→ **What you should do**
Copy nothing before the line that contains "Smartwool PhD Pro 耐力印花羊毛中筒袜"; from there, transcribe each line exactly through the end of the material, omitting pictures.

______________________________

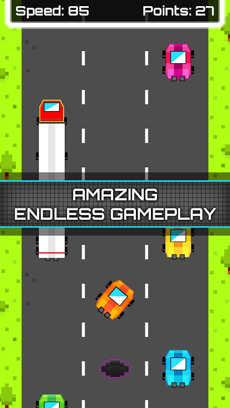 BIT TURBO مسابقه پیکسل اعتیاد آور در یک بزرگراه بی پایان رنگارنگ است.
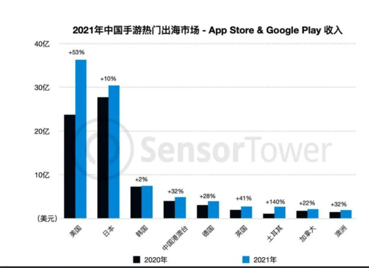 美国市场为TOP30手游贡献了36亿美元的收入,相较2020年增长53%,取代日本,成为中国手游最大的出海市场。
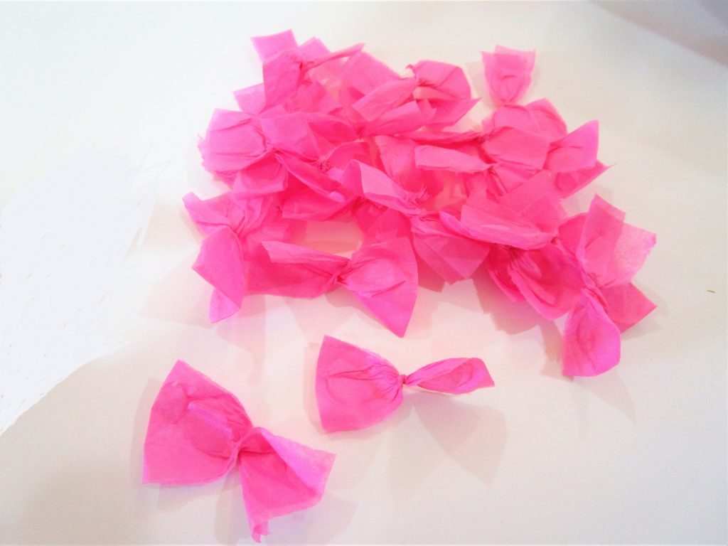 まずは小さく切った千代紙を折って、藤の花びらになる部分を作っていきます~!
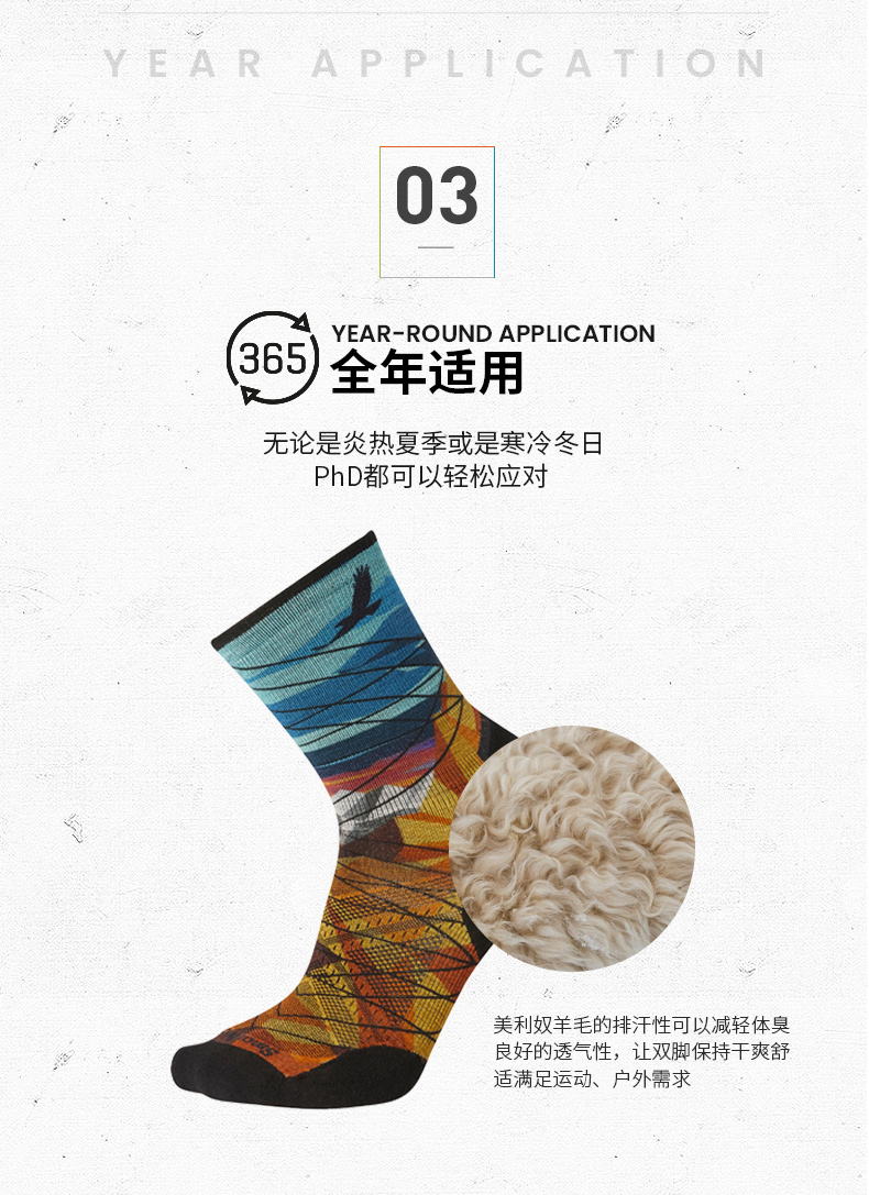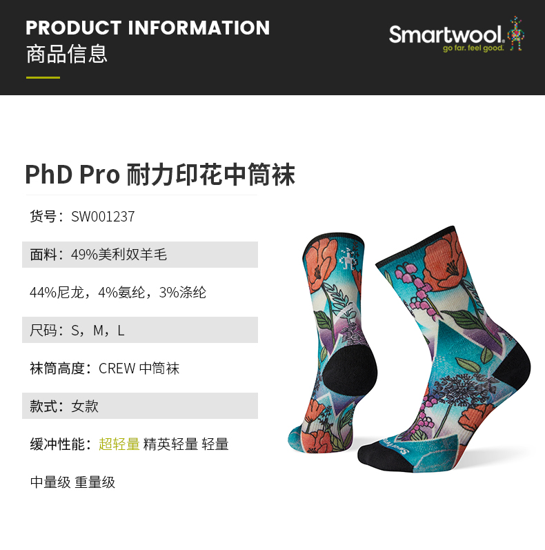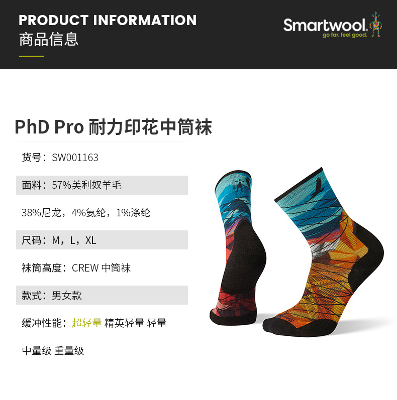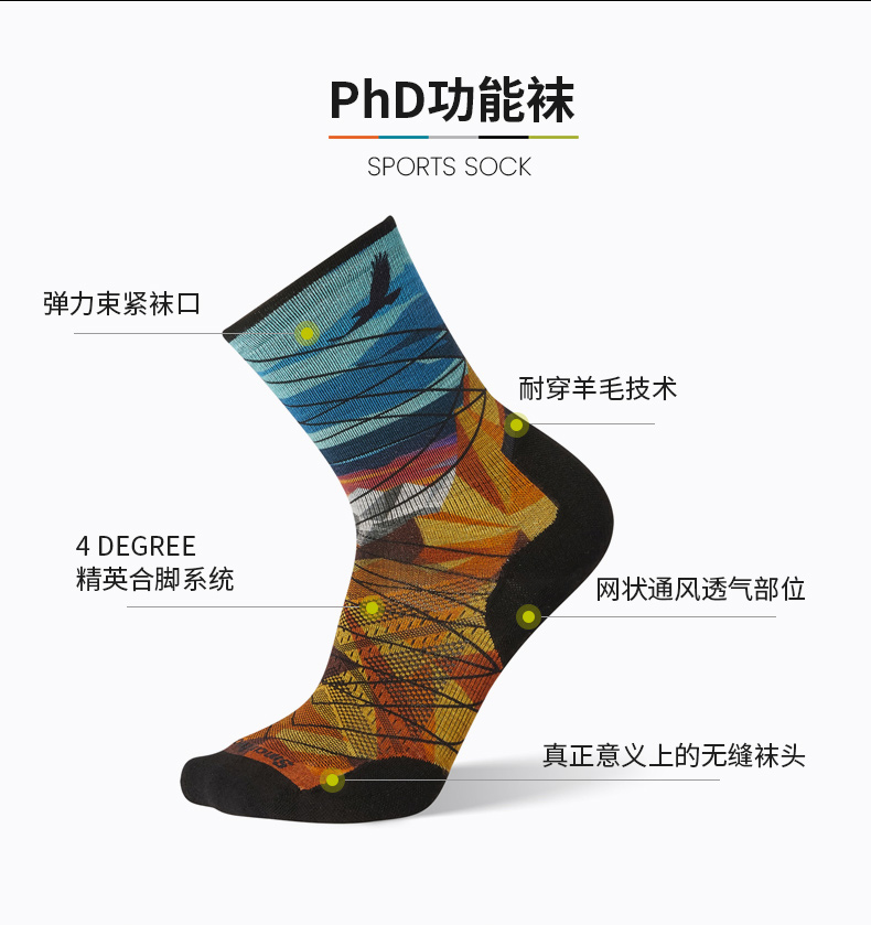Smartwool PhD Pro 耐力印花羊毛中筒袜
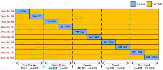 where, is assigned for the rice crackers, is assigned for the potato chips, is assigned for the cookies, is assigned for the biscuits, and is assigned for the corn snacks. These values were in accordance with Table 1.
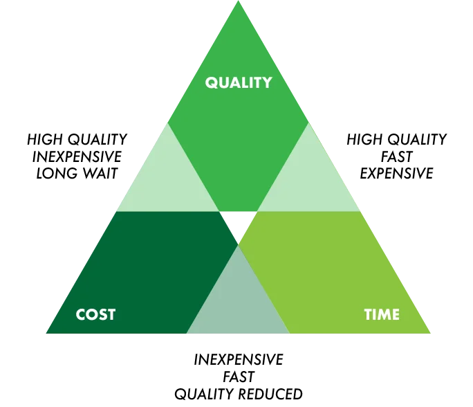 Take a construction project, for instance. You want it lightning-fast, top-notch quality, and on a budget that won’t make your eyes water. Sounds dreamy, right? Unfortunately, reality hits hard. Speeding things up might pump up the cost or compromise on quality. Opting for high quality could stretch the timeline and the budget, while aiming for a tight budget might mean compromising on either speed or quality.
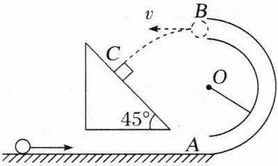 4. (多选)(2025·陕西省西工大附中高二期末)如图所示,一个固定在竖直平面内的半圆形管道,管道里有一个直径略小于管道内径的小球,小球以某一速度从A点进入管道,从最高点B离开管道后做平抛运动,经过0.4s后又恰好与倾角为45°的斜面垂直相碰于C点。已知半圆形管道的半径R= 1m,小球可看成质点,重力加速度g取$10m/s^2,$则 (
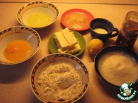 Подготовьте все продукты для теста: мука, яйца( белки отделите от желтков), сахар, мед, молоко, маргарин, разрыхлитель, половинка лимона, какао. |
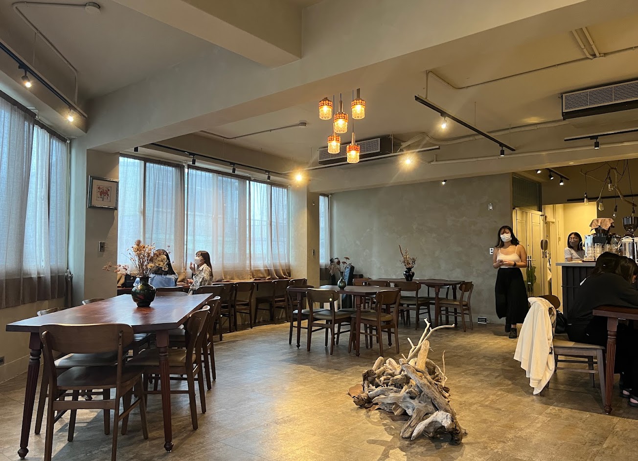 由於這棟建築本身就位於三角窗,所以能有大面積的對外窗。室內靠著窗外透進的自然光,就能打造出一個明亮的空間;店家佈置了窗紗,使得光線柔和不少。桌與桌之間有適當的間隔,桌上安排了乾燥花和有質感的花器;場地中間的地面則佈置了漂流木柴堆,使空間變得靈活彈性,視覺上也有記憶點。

______________________________

→ **Final answer**
Smartwool PhD Pro 耐力印花羊毛中筒袜
 where, is assigned for the rice crackers, is assigned for the potato chips, is assigned for the cookies, is assigned for the biscuits, and is assigned for the corn snacks. These values were in accordance with Table 1.
 Take a construction project, for instance. You want it lightning-fast, top-notch quality, and on a budget that won’t make your eyes water. Sounds dreamy, right? Unfortunately, reality hits hard. Speeding things up might pump up the cost or compromise on quality. Opting for high quality could stretch the timeline and the budget, while aiming for a tight budget might mean compromising on either speed or quality.
 4. (多选)(2025·陕西省西工大附中高二期末)如图所示,一个固定在竖直平面内的半圆形管道,管道里有一个直径略小于管道内径的小球,小球以某一速度从A点进入管道,从最高点B离开管道后做平抛运动,经过0.4s后又恰好与倾角为45°的斜面垂直相碰于C点。已知半圆形管道的半径R= 1m,小球可看成质点,重力加速度g取$10m/s^2,$则 (
 Подготовьте все продукты для теста: мука, яйца( белки отделите от желтков), сахар, мед, молоко, маргарин, разрыхлитель, половинка лимона, какао. |
 由於這棟建築本身就位於三角窗,所以能有大面積的對外窗。室內靠著窗外透進的自然光,就能打造出一個明亮的空間;店家佈置了窗紗,使得光線柔和不少。桌與桌之間有適當的間隔,桌上安排了乾燥花和有質感的花器;場地中間的地面則佈置了漂流木柴堆,使空間變得靈活彈性,視覺上也有記憶點。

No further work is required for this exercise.